Several key aspects about the genetic heterogeneity within sylvatic genotype were investigated. The sylvatic genotype is characterized by a spatial genetic structure and found to comprise of two genetically distinct lineages (S1 and S2). These lineages possess distinct host range and geographic localities (Africa and Malaysia). It thus supported earlier findings that the Malaysian and African sylvatic DENV-2 strains are genetically distinct (Vasilakis et al., 2008). Apart from spatial subdivision, the present study highlights a significant association between episodic positive selection on several codons in non-structural genes (NS5, NS4B) and evolution of sylvatic strains in general and that of S2 lineage, in particular. The S2 lineage was comprised of two strains from Malaysia, one isolated from a monkey host in 1970 (GenBank: EF105379) while the other (isolate DKD811) was isolated in 2008 and is known to cause Dengue hemorrhagic fever in humans (GenBank: FJ467493). It was deduced that the disease-causing isolate DKD811 of S2 lineage remained undetected and was resident in non-human primates in this location for 38 years (Cardosa et al., 2009). Association of sylvatic DENV-2 strains with disease phenotype in humans has been reported (Cardosa et al., 2009; Franco et al., 2011). Therefore, the mutations in non-structural genes identified with respect to the S2 lineage could be used to monitor such strains in future. Earlier studies reported the potential role of envelope gene in evolution of sylvatic strains (Twiddy, Woelk & Holmes, 2002; Vasilakis et al., 2007). Thus, the observations reported in our study may help to understand the transition of DENV-2 from sylvatic to human hosts mediated through adaptive evolution of the non-structural genes.

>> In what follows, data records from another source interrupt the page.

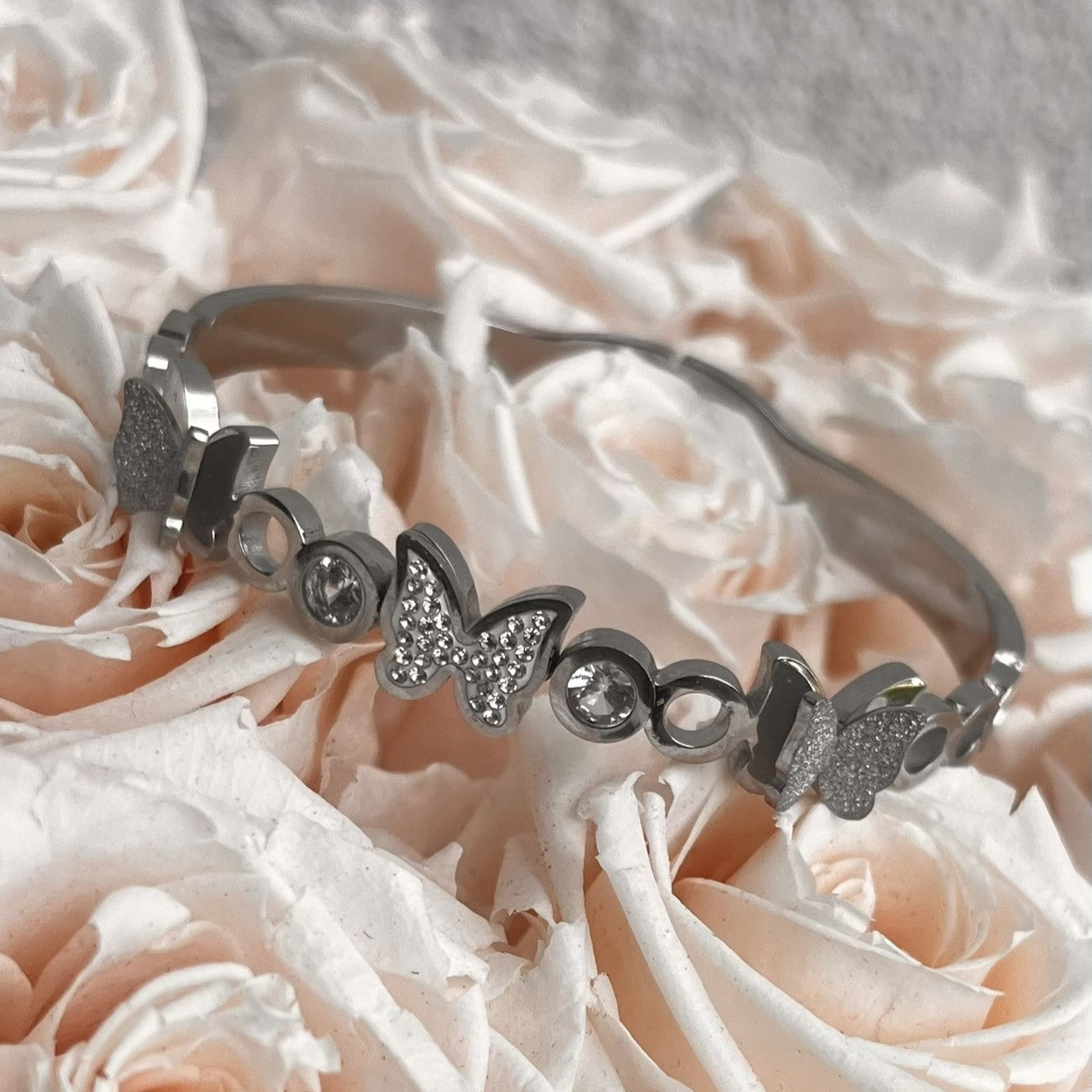 Edelstahl Armreif mit funkelnden Schmetterlingen & Strass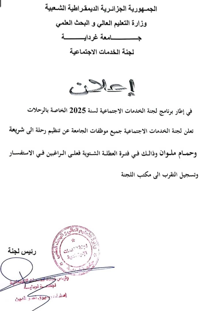 تعلن لجنة الخدمات الاجتماعية بجامعة غرداية عن تنظيم رحلات IMG-20251125-WA0001تنزيل IMG-20251125-WA0000تنزيل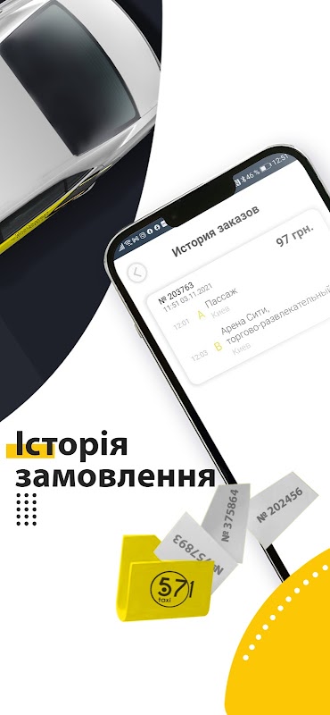 Instale o programa Taxi 571 e peça um táxi em Kyiv. Defina um clique - aproveite ao máximo.

In case of Asian I (AI) genotype, the evolution of strains was found to be driven primarily by time and recombination. A clear subdivision of Asian I strains into older AI-1 and modern AI-2 was observed. The Thailand strains isolated during 2001 appear to play an important role in the spread of DENV-2 to modern AI-2 countries such as Cambodia and Vietnam. Several strains of modern AI-2 lineage (from Cambodia and Vietnam) were identified as recombinants (Table 1), having their major parent from Thailand (isolated in 2001) and thus substantiating the role of Thailand strains in spread of DENV-2 in nearby regions. Such conjecture is also supported by an earlier study (Hang et al., 2010). Thailand is observed to act as an epicenter to cause dengue epidemic cycles in the surrounding areas (Cummings et al., 2004; Van Panhuis et al., 2015).

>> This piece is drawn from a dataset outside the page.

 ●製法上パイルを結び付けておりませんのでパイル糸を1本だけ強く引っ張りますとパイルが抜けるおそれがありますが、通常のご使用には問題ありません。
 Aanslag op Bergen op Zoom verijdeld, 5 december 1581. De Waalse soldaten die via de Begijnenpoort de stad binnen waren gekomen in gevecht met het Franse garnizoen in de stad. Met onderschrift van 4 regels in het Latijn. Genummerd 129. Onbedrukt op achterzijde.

The Cosmopolitan (C) genotype was found to have a hierarchical and spatiotemporal genetic structure wherein all the members were observed to undergo time-dependent subdivision into two lineages such as older C1 and modern C2. The modern C2 lineage is further subdivided into three sub-lineages based on spatial distribution of strains. Such hierarchical genetic structure is attributed to interplay among recombination, episodic positive selection on non-structural genes (NS2B and NS5) and spatiotemporal distribution of cosmopolitan strains. The analysis using the population genetics approach also helped to reveal that the Indonesian strains of modern C2 lineage (GenBank: GQ398263, GQ398264) are admixed having membership for both C1 and C2 subpopulations, thereby emphasizing the role of Indonesia in emergence of DENV-2 in other countries.

The Asian/American (AA) genotype comprised of strains of both Asian and American regions. Interestingly, the AA strains isolated from American region were found to be diversified into a total of six distinct lineages (AA2–AA7) and thus are genetically more heterogeneous as compared to the Asian strains of AA genotype (AA1 lineage). Episodic positive selection on codons of non-structural genes (NS5: codon-558 and NS4B: codon-156) were observed to be operational on AA1 lineage and distinguish AA1 from all the American AA lineages.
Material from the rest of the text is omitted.